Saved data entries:
####

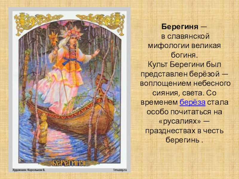 воплощением небесного сияния, света. Со временем берёза стала особо почитаться на «русалиях» — празднествах в честь берегинь .
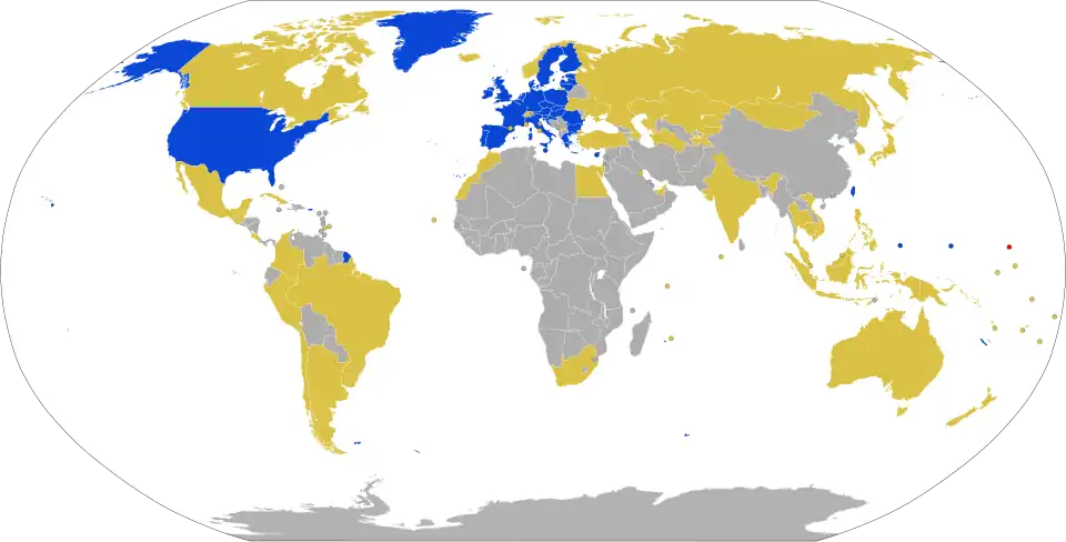 Marshall Islands signed mutual visa-waiver agreements with Saint Kitts and Nevis on 29 October 2019 and Ukraine on 28 November 2019 but they are yet to be ratified.[3][4]
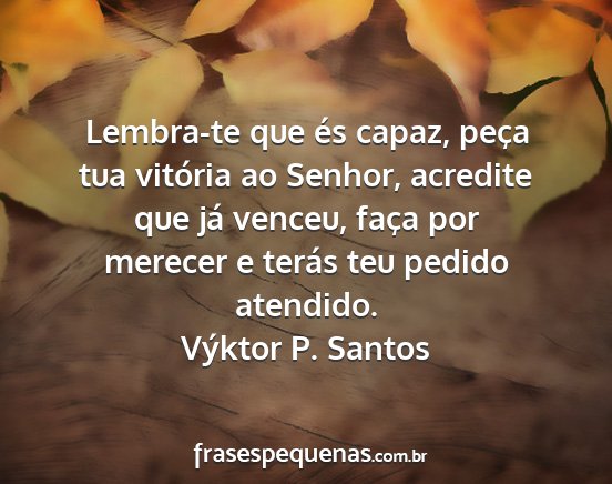 Lembra-te que és capaz, peça tua vitória ao Senhor, acredite que já venceu, faça por merecer e terás teu pedido atendido.Výktor P. Santos
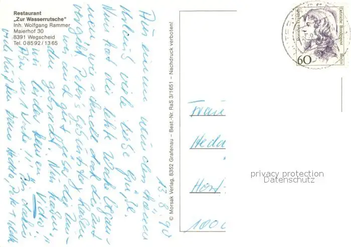 Wegscheid_Niederbayern Restaurant Zur Wasserrutsche am Rannasee Wegscheid Niederbayern postalisch gelaufen 1990 Erhaltung siehe scans [FriedD77] Frierer
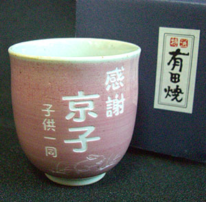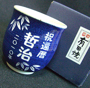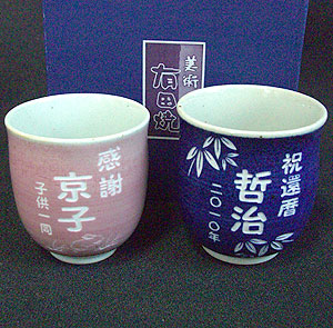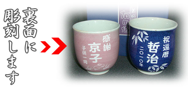 「有田焼 湯のみ」に彫刻で文字が入れられます♪文字入れパターンも豊富にご用意いたしております!還暦祝い以外にもお誕生日や長寿のお祝いなど贈り物・プレゼント・ギフトに最適です
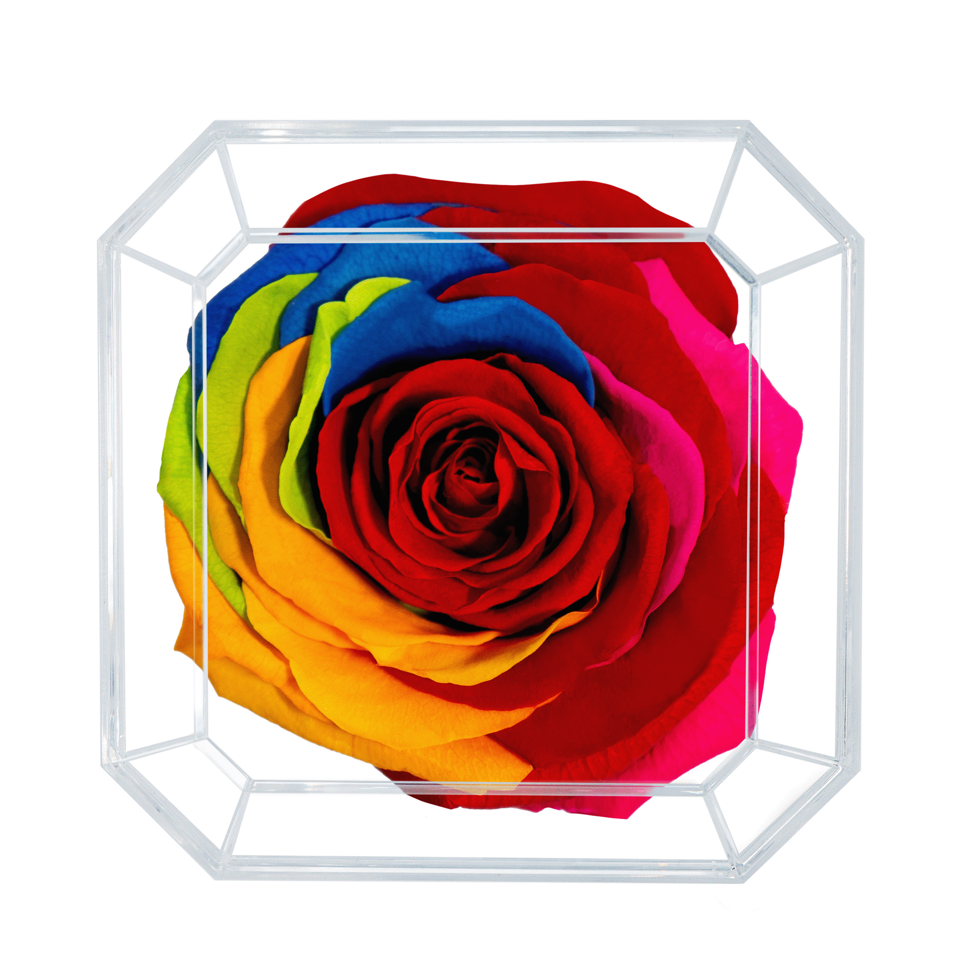 In the pictures you can see a Rainbow colour rose inside our trendy Diamond box.
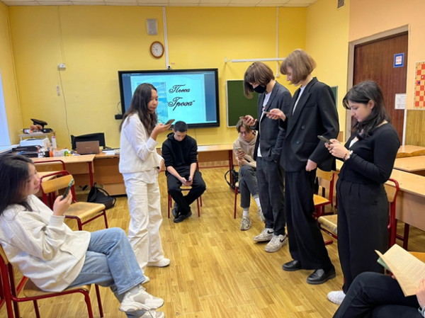Ребята распределили роли, окрыли тексты и начали играть. Поначалу во всех классах присутствовал дискомфорт: детям было непривычно сидеть без парт и учебников, лишь с текстом перед глазами. Кто-то сразу же смог вжиться в роль, кому-то было сложнее преодолеть стеснение. Детям нужно время, чтобы привыкнуть и осознать – так тоже можно учиться, и мы не делаем ничего плохого.

####

> _Task brief_: Every entry above needs to be duplicated precisely, and none of the pictures should appear.

> _Solved problem_:
 воплощением небесного сияния, света. Со временем берёза стала особо почитаться на «русалиях» — празднествах в честь берегинь .
 Marshall Islands signed mutual visa-waiver agreements with Saint Kitts and Nevis on 29 October 2019 and Ukraine on 28 November 2019 but they are yet to be ratified.[3][4]
 Lembra-te que és capaz, peça tua vitória ao Senhor, acredite que já venceu, faça por merecer e terás teu pedido atendido.Výktor P. Santos
 Wegscheid_Niederbayern Restaurant Zur Wasserrutsche am Rannasee Wegscheid Niederbayern postalisch gelaufen 1990 Erhaltung siehe scans [FriedD77] Frierer
 「有田焼 湯のみ」に彫刻で文字が入れられます♪文字入れパターンも豊富にご用意いたしております!還暦祝い以外にもお誕生日や長寿のお祝いなど贈り物・プレゼント・ギフトに最適です
 In the pictures you can see a Rainbow colour rose inside our trendy Diamond box.
Ребята распределили роли, окрыли тексты и начали играть. Поначалу во всех классах присутствовал дискомфорт: детям было непривычно сидеть без парт и учебников, лишь с текстом перед глазами. Кто-то сразу же смог вжиться в роль, кому-то было сложнее преодолеть стеснение. Детям нужно время, чтобы привыкнуть и осознать – так тоже можно учиться, и мы не делаем ничего плохого.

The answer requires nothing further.